Problem statement: Give again exactly the lines that run from the start of the records to the line holding "Barstool with thermo-polymer", both ends counted. Do not include the pictures.

Dataset records:
= = =

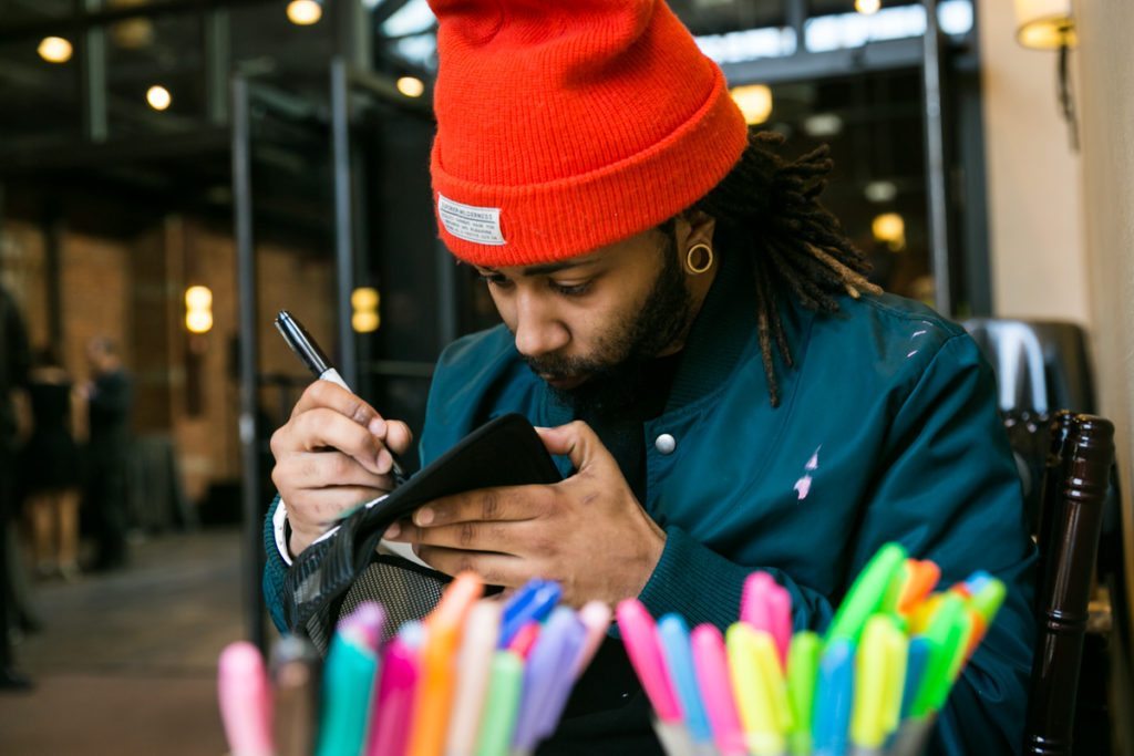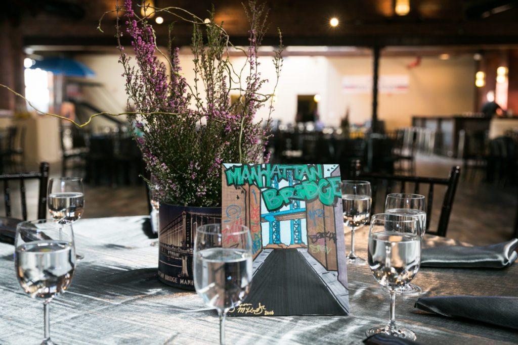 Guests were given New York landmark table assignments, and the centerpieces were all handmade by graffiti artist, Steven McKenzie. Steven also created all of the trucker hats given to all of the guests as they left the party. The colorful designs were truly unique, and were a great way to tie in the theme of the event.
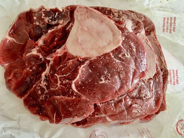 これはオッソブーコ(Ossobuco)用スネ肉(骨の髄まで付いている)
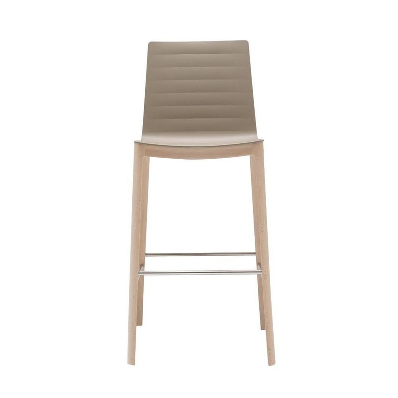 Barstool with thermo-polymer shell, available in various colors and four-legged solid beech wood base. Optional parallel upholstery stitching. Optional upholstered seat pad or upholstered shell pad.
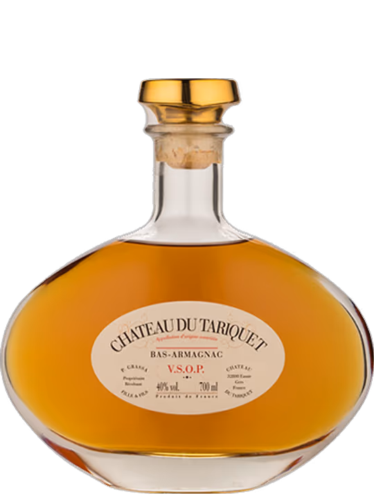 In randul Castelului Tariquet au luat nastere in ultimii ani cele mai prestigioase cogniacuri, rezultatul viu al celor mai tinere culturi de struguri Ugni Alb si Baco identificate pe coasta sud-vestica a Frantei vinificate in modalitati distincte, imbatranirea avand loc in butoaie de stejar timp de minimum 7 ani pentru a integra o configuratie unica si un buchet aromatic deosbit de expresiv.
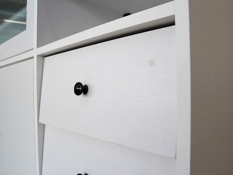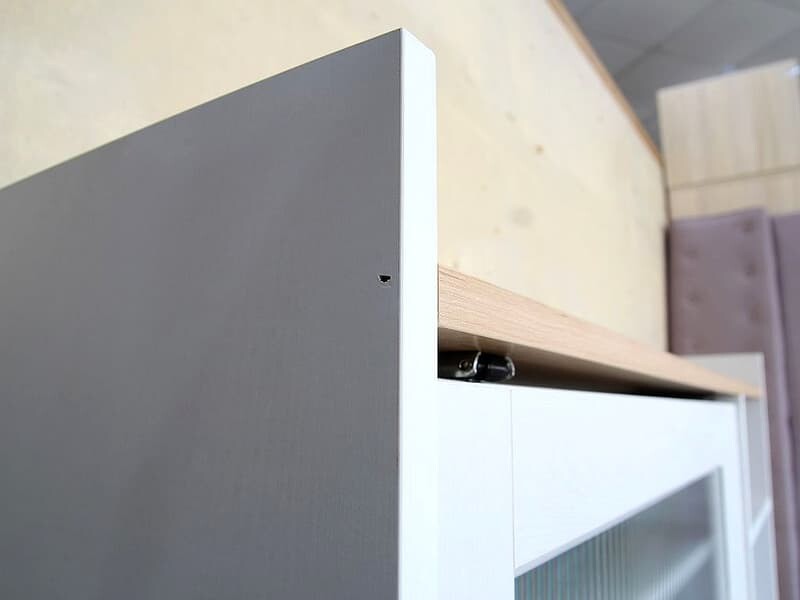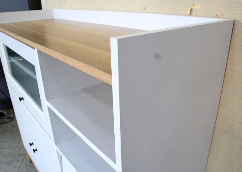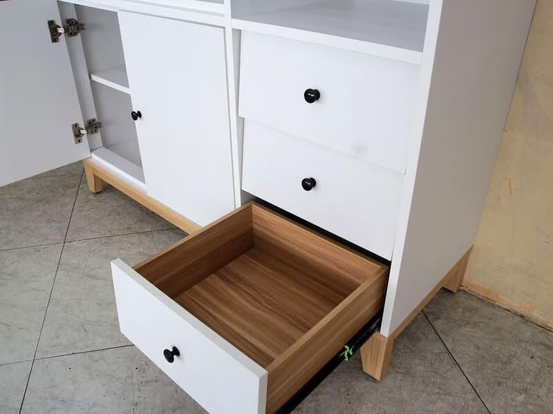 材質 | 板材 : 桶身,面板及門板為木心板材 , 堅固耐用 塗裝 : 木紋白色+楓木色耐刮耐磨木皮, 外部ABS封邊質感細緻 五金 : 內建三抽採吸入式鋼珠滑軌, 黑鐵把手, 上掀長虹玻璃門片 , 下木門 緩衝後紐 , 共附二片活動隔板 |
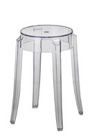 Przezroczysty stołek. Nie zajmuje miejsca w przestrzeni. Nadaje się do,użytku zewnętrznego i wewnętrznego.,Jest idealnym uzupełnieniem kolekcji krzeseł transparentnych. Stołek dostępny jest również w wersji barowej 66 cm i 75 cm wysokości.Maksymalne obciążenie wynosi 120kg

= = =

Answer to this task:
 Guests were given New York landmark table assignments, and the centerpieces were all handmade by graffiti artist, Steven McKenzie. Steven also created all of the trucker hats given to all of the guests as they left the party. The colorful designs were truly unique, and were a great way to tie in the theme of the event.
 これはオッソブーコ(Ossobuco)用スネ肉(骨の髄まで付いている)
 Barstool with thermo-polymer shell, available in various colors and four-legged solid beech wood base. Optional parallel upholstery stitching. Optional upholstered seat pad or upholstered shell pad.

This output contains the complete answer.